*** Material to process ***

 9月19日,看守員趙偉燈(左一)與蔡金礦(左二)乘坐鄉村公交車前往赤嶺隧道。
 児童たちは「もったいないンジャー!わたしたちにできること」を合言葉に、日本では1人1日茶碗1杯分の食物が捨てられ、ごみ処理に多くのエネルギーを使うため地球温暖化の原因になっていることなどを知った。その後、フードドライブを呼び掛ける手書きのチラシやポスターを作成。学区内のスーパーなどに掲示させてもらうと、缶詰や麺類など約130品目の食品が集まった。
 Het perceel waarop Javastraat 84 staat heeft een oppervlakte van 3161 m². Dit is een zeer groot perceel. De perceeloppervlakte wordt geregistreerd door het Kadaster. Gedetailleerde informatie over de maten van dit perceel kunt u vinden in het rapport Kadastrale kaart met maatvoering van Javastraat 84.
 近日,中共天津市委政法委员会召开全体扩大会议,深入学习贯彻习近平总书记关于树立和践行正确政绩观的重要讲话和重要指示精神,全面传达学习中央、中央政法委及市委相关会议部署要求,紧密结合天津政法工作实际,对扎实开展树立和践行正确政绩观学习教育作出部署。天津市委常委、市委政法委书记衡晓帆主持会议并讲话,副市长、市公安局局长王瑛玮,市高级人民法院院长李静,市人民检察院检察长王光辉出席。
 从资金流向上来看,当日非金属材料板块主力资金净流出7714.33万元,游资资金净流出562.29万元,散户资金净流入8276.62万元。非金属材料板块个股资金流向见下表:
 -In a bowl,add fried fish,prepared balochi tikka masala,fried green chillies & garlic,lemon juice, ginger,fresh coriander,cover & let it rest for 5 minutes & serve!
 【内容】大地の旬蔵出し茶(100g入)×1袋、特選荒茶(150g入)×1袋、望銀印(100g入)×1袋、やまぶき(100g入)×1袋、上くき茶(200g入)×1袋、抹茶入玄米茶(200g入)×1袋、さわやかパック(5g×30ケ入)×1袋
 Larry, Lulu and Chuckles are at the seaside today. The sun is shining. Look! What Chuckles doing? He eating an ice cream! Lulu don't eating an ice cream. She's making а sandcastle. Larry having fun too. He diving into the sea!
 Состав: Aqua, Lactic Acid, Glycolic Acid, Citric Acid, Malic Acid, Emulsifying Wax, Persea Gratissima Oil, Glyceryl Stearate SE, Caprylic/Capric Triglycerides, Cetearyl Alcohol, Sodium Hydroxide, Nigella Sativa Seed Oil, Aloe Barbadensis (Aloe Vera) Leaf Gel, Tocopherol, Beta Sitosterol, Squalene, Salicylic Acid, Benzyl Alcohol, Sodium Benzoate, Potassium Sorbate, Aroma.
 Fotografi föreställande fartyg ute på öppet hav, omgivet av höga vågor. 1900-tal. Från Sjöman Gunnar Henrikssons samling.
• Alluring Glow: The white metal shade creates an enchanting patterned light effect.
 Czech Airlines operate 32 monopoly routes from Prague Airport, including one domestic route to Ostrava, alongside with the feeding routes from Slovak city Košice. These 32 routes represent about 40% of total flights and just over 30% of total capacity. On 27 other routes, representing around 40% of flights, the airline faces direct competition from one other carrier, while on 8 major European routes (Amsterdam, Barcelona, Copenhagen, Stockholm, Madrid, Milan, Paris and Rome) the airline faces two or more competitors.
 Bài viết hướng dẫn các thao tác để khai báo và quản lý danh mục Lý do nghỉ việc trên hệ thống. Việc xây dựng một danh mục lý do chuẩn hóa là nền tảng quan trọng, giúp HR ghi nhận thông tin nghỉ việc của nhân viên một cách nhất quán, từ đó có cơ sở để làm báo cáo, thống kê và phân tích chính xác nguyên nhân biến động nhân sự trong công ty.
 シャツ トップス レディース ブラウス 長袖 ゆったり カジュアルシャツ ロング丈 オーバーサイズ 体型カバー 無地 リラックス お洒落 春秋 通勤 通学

***

# What to produce
Please reproduce, exactly as written, the lines of the records from the first line through the one containing "-In a bowl,add".

# Result of this exercise
 9月19日,看守員趙偉燈(左一)與蔡金礦(左二)乘坐鄉村公交車前往赤嶺隧道。
 児童たちは「もったいないンジャー!わたしたちにできること」を合言葉に、日本では1人1日茶碗1杯分の食物が捨てられ、ごみ処理に多くのエネルギーを使うため地球温暖化の原因になっていることなどを知った。その後、フードドライブを呼び掛ける手書きのチラシやポスターを作成。学区内のスーパーなどに掲示させてもらうと、缶詰や麺類など約130品目の食品が集まった。
 Het perceel waarop Javastraat 84 staat heeft een oppervlakte van 3161 m². Dit is een zeer groot perceel. De perceeloppervlakte wordt geregistreerd door het Kadaster. Gedetailleerde informatie over de maten van dit perceel kunt u vinden in het rapport Kadastrale kaart met maatvoering van Javastraat 84.
 近日,中共天津市委政法委员会召开全体扩大会议,深入学习贯彻习近平总书记关于树立和践行正确政绩观的重要讲话和重要指示精神,全面传达学习中央、中央政法委及市委相关会议部署要求,紧密结合天津政法工作实际,对扎实开展树立和践行正确政绩观学习教育作出部署。天津市委常委、市委政法委书记衡晓帆主持会议并讲话,副市长、市公安局局长王瑛玮,市高级人民法院院长李静,市人民检察院检察长王光辉出席。
 从资金流向上来看,当日非金属材料板块主力资金净流出7714.33万元,游资资金净流出562.29万元,散户资金净流入8276.62万元。非金属材料板块个股资金流向见下表:
 -In a bowl,add fried fish,prepared balochi tikka masala,fried green chillies & garlic,lemon juice, ginger,fresh coriander,cover & let it rest for 5 minutes & serve!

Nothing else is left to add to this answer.